13. Balfour v Balfour (1919)
Precedent: Domestic agreements are presumed not to be legally binding.
14. Merritt v Merritt (1970)
Precedent: Agreements between separated spouses are intended to be legally binding.
15. Chappell & Co Ltd v Nestle Co Ltd (1960)
Precedent: Consideration must be sufficient but need not be adequate.
16. Stilk v Myrick (1809)
Precedent: Performing an existing duty is not good consideration.
17. Williams v Roffey Bros & Nicholls (1990)
Precedent: Practical benefits can be sufficient consideration.
18. Re McArdle (1951)
Precedent: Past consideration is not valid consideration.
19. Central London Property Trust Ltd v High Trees House Ltd (1947)
Precedent: Established the doctrine of promissory estoppel.
20. Foakes v Beer (1884)
Precedent: Part payment of a debt is not valid consideration for the promise to forgo the balance.
21. Dunlop Pneumatic Tyre Co Ltd v Selfridge & Co Ltd (1915)
Precedent: Established the principle of privity of contract.
22. Tweddle v Atkinson (1861)
Precedent: Only parties to a contract can sue or be sued on it.
23. The Moorcock (1889)
Precedent: Implied terms in fact; terms can be implied to give business efficacy.
24. Hutton v Warren (1836)
Precedent: Terms can be implied by custom or trade usage.

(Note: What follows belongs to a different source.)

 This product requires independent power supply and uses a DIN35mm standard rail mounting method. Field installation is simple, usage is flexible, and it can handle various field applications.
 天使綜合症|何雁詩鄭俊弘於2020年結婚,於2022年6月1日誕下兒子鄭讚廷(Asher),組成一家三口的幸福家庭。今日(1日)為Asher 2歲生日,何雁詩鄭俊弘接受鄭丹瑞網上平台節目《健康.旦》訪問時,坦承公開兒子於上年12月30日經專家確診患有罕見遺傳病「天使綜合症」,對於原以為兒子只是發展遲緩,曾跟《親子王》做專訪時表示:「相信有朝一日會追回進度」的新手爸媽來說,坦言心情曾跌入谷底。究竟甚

25. Poussard v Spiers and Pond (1876)
Precedent: Differentiated between conditions and warranties in a contract.
26. Bettini v Gye (1876)
Precedent: Breach of a warranty does not entitle the innocent party to terminate the contract.
27. Hong Kong Fir Shipping Co Ltd v Kawasaki Kisen Kaisha Ltd (1962)

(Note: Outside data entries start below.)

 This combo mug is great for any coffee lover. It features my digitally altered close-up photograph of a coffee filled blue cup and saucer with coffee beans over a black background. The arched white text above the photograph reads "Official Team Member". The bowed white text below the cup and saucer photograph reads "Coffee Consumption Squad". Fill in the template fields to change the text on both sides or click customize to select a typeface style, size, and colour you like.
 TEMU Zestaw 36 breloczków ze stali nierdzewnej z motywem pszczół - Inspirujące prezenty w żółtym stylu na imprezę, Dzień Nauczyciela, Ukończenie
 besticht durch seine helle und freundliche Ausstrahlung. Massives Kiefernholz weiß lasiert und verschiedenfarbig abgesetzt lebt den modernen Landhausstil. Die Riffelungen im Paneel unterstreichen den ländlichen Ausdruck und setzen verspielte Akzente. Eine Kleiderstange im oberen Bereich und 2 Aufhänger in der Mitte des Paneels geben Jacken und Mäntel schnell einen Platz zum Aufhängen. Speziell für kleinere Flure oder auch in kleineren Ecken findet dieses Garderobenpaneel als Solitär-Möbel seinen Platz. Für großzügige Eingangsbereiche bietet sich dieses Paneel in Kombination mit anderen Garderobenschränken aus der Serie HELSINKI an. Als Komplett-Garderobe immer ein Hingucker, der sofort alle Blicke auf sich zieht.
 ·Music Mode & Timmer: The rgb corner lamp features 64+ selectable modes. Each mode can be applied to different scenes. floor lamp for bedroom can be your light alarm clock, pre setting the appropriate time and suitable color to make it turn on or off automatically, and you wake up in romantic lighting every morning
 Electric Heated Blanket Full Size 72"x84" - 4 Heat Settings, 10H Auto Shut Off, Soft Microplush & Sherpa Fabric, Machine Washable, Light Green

Precedent: Introduced the concept of innominate terms.
28. Schuler AG v Wickman Machine Tool Sales Ltd (1974)
Precedent: Labels in a contract are not decisive; the court looks at the substance of the term.
29. L’Estrange v F Graucob Ltd (1934)
Precedent: A signed contract binds the signatory to all its terms, regardless of whether they have read it.
30. Curtis v Chemical Cleaning & Dyeing Co (1951)
Precedent: Misrepresentation can render an exemption clause ineffective.
31. Thornton v Shoe Lane Parking Ltd (1971)
Precedent: For an exemption clause to be effective, it must be brought to the attention of the other party before or at the time the contract is made.
32. Olley v Marlborough Court Ltd (1949)
Precedent: Notice of terms must be given before or at the time of contracting.
33. Spurling Ltd v Bradshaw (1956)
Precedent: Established the “red hand rule” for particularly onerous terms.
34. Interfoto Picture Library Ltd v Stiletto Visual Programmes Ltd (1988)
Precedent: Onerous or unusual terms must be explicitly brought to the attention of the other party.
35. Photo Production Ltd v Securicor Transport Ltd (1980)
Precedent: Established that exemption clauses can exclude liability for fundamental breaches if clearly worded.
36. Hadley v Baxendale (1854)
Precedent: Established the rule for determining remoteness of damages in contract law.
37. Victoria Laundry (Windsor) Ltd v Newman Industries Ltd (1949)
Precedent: Losses must be reasonably foreseeable to be recoverable.
38. The Heron II (1969)
Precedent: Test for remoteness of damage in contract is based on “reasonable contemplation.”
39. Jarvis v Swan Tours Ltd (1973)
Precedent: Established that damages can be awarded for nonpecuniary loss, such as disappointment and distress.
40. Addis v Gramophone Co Ltd (1909)
Precedent: Damages for breach of contract generally do not include compensation for injured feelings or distress.
These cases collectively provide a comprehensive overview of the principles governing contract law, from formation to enforcement and remedies.